Leslie Russell Blake

AAE position: Cartographer, geologist

Blake was born in Melbourne in 1890, but lived much of his early life in Queensland. He was working for the Queensland government’s geological survey department when Mawson selected him to join the Macquarie Island Party as geologist and cartographer –roles he filled with consummate skill and dedication.

Blake’s main tasks were to map the island and describe its geology. The latter task involved putting together a large collection of rock specimens — one of the foundations for later research into the island’s unique geology leading to its nomination as a World Heritage property.

But Blake’s surveying and mapping of the island was his major achievement. With just three years’ prior experience in field surveying, he completed a topographic survey of the island’s rugged 170 square kilometres by land and sea (in a tiny dinghy), with the help of the party’s biologist, Harold Hamilton.

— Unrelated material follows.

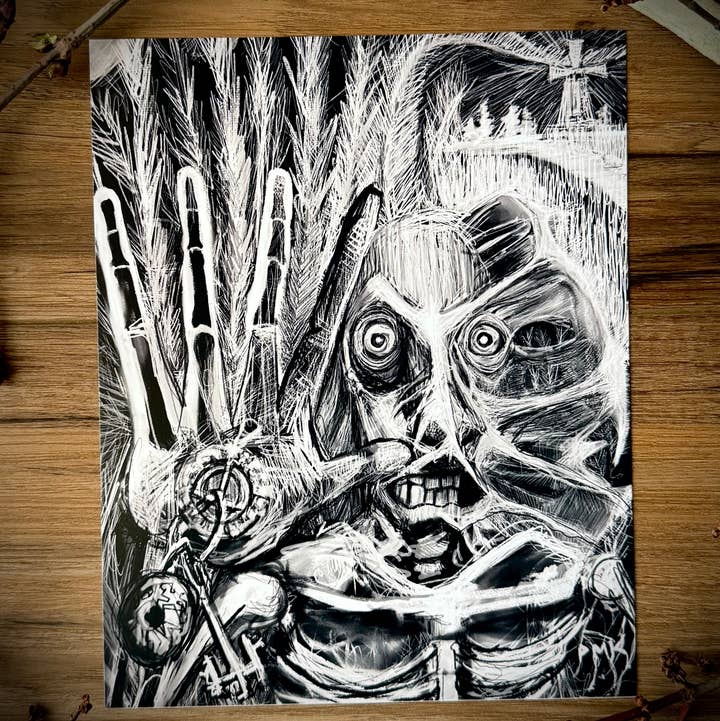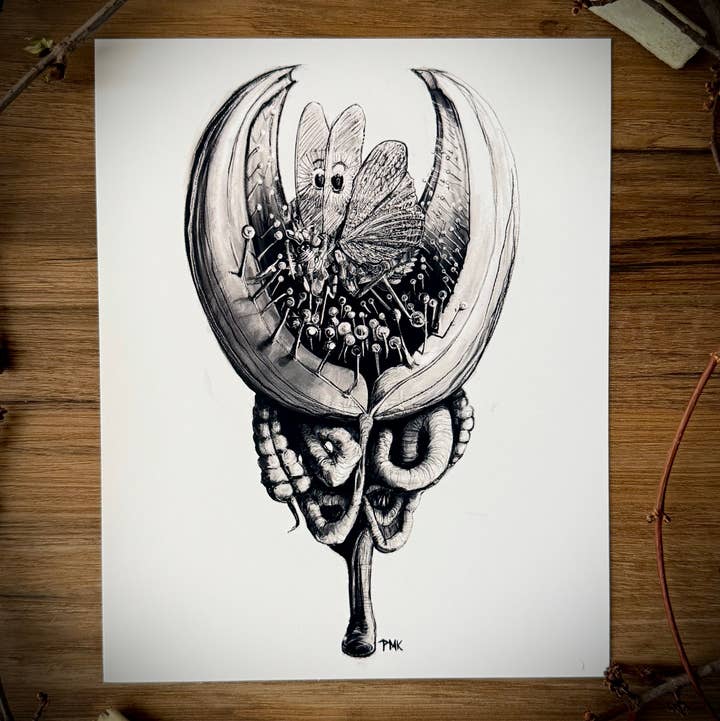 Do you have a flair for the spooky side? Blood Vessels Harvestors is a colorful and surreal artwork designed by me, Perry M. Kyser, that's perfect for the homes of people who love horror, fantasy or darker decor. This print is on high-quality cardstock with a sturdy backing board, making it a great choice for anyone who loves original art with a gothic twist. A must-have for anyone who loves horror, goth style, or unique and memorable home decor. *Frames not included

Starting with a survey baseline on the northern plateau on 17 January 1912, Blake set up sighting poles on all prominent features to allow a topographic triangulation of the entire island. The end result was a detailed map of the island with contours at 200-foot intervals. (For the northern half the intervals were 50 feet.) The maps, published later in Mawson’s AAE Reports, were still being used in the 1970s.

After a short visit to the Antarctic mainland on Aurora’s final cruise, Blake returned to the goldfields of Queensland as a geologist, continuing his work on the Macquarie data and maps. But the outbreak of war in Europe saw him volunteering for the army. Initially he was turned down on medical grounds, but after hospital treatment he was allowed to enlist as a gunner. After brief service in the Middle East, he arrived in France as a second lieutenant early in 1916.

Late in 1916 Blake was awarded the Military Cross, for conspicuous and continual gallantry in the field during the Battle of the Somme, when under heavy fire he made a detailed survey of the Allies’ front line to help keep soldiers safe from ‘friendly fire’ during artillery barrages. Blake sent his medal back to his fiancée in Australia.

In July 1917, while taking part in the third Battle of Ypres, Blake was photographed by his old friend from the AAE, Frank Hurley, now an official war photographer. In September 1917 he was wounded in the arm by shrapnel and evacuated to England. After rejoining the fighting in February 1918, he was promoted to captain in May.

In the war’s final offensive that broke the German Hindenburg Line late in 1918, Blake was on horseback on 2 October when he was hit by a shell which killed his horse and wounded him badly, blowing off his left leg. He died early the following day and was buried in the military cemetery at Tincourt.